Welcome.
Let's begin our loving kindness meditation.
Create a tall,
Alert seated posture.
Press your sit bones down to rise up tall through your spine,
Reaching the crown of your head up towards the ceiling or sky.
Draw your chin in towards the back of your neck,
So your head is upright and balanced nicely on top of your neck.
And let's begin with a few deep breaths.
In through your nose,
And out through your nose.
And this one even deeper,
Filling up,
Open,
Expand,
Pause,
And empty out,
Relax,
Relax.
One more extra deep breath in,
Filling up.
A brief pause,
And gently exhale,
Relax,
Relax,
Relax.
Bring your attention to your forehead and the skin,
Especially between your eyebrows,
Softening any tension that might be there.
Bring your attention to your cheeks,
Your nose,
Your mouth and jaw,
Relaxing your face.
Bring your attention to your neck and throat.
Just the space that's there from the inside out to the skin.
Your breath freely flows.
Bring your awareness to your chest and upper back.
Maybe lift your chest slightly and feel it open wide,
Relaxing your shoulders back and down.
Just notice the space here in your chest and belly,
Your back,
From the inside out to the skin.
Notice the space here.
Bring your attention to your shoulders and down your arms.
Noticing your arms relaxed,
Your upper arms,
Your lower arms.
Notice your wrists,
Your hands.
Notice your fingers.
Can you relax your hands even more and observe the sensations you feel in your hands?
So like a pulsing of energy here in your hands and your fingertips.
Bring your attention back up your arms to your shoulders.
Your attention down your spine to your seat and your hips,
Where you connect to your physical foundation here on your seat or cushion.
Bring your attention to your thighs,
Your knees,
Your shins and calves.
Notice that even as your legs assist you with this alert,
Tall seated posture,
Can they relax a bit more right here?
Notice your ankles,
Your feet and your toes.
Then dial your awareness out to include your whole physical body.
Even as your eyes are closed here,
Have a sense in your mind's eye of the periphery,
The outline of your seated shape here and everything within it.
Just observing each sensation or the sensation of your body as a whole.
Perfect and complete exactly the way it is.
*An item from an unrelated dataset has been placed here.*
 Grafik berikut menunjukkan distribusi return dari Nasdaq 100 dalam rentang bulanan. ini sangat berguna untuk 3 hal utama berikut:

Observe the flow of your breath in through your nose and out through your nose.
Now,
Send your loving kindness thoughts to yourself.
May I be well.
May I be happy.
May I be peaceful.
May I be well.
May I be well.
May I be happy.
May I be happy.
May I be peaceful.
May I be peaceful.
Really meaning each word gently,
Lovingly,
Wishing them to yourself,
Blessing them to yourself.
Continue in your mind,
Sending your loving kindness thoughts to yourself.
May I be well.
May I be happy.
May I be peaceful.
May I be well.
May I be happy.
Each time you notice your mind wandering after thought or distraction,
Be gentle and kind to yourself in that moment.
Simply return to your loving kindness thoughts.
May I be well.
May I be happy.
May I be peaceful.
Send your loving kindness thoughts to your loved ones,
To your friends,
Your family members,
To your pets.
Sending your loving kindness thoughts to your loved ones.
May you be well.
May you be well.
May you be happy.
May you be happy.
May you be peaceful.
May you be peaceful.
Continue sending your loving kindness thoughts to your loved ones.
May you be well.
May you be happy.
May you be peaceful.
May I be well.
And now,
Send your loving kindness thoughts to the whole world.
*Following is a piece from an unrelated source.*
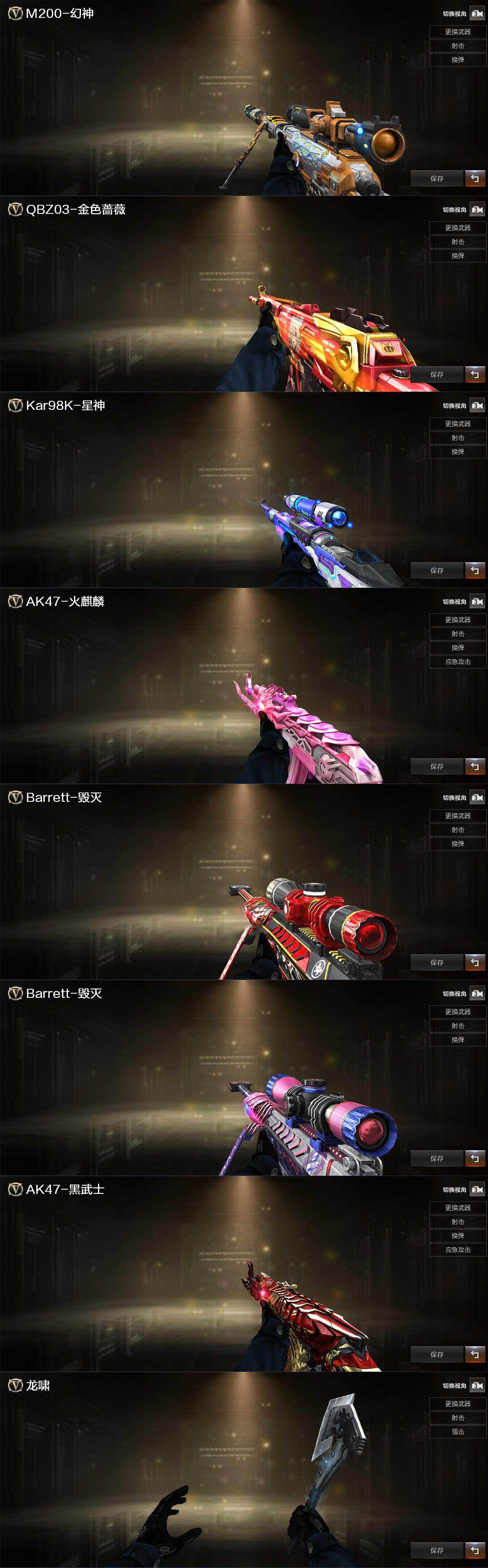 【热门武器】:QBZ03-金色蔷薇*3,M200-幻神,Kar98K-星神,炼狱-迷你小钢,沙鹰-修罗,金刚伞

May all living beings be well,
Be happy,
Be peaceful.
Send your loving kindness thoughts out to all living beings.
May you be well.
May you be happy.
May you be peaceful.
Each time you notice your mind wandering or getting distracted by thoughts,
With kindness and gentleness,
Return to your loving kindness thoughts for the world.
May you be well.
May you be happy.
May you be peaceful.
Now you are filled with metta.
You are filled with loving kindness.
Let's continue our mindfulness practice.
Simply observing the flow of your breath in the present moment in through your nose and out through your nose.
Breath only occurs in the present moment.
By simply relaxing our attention to be focused on observing the flow of our breath.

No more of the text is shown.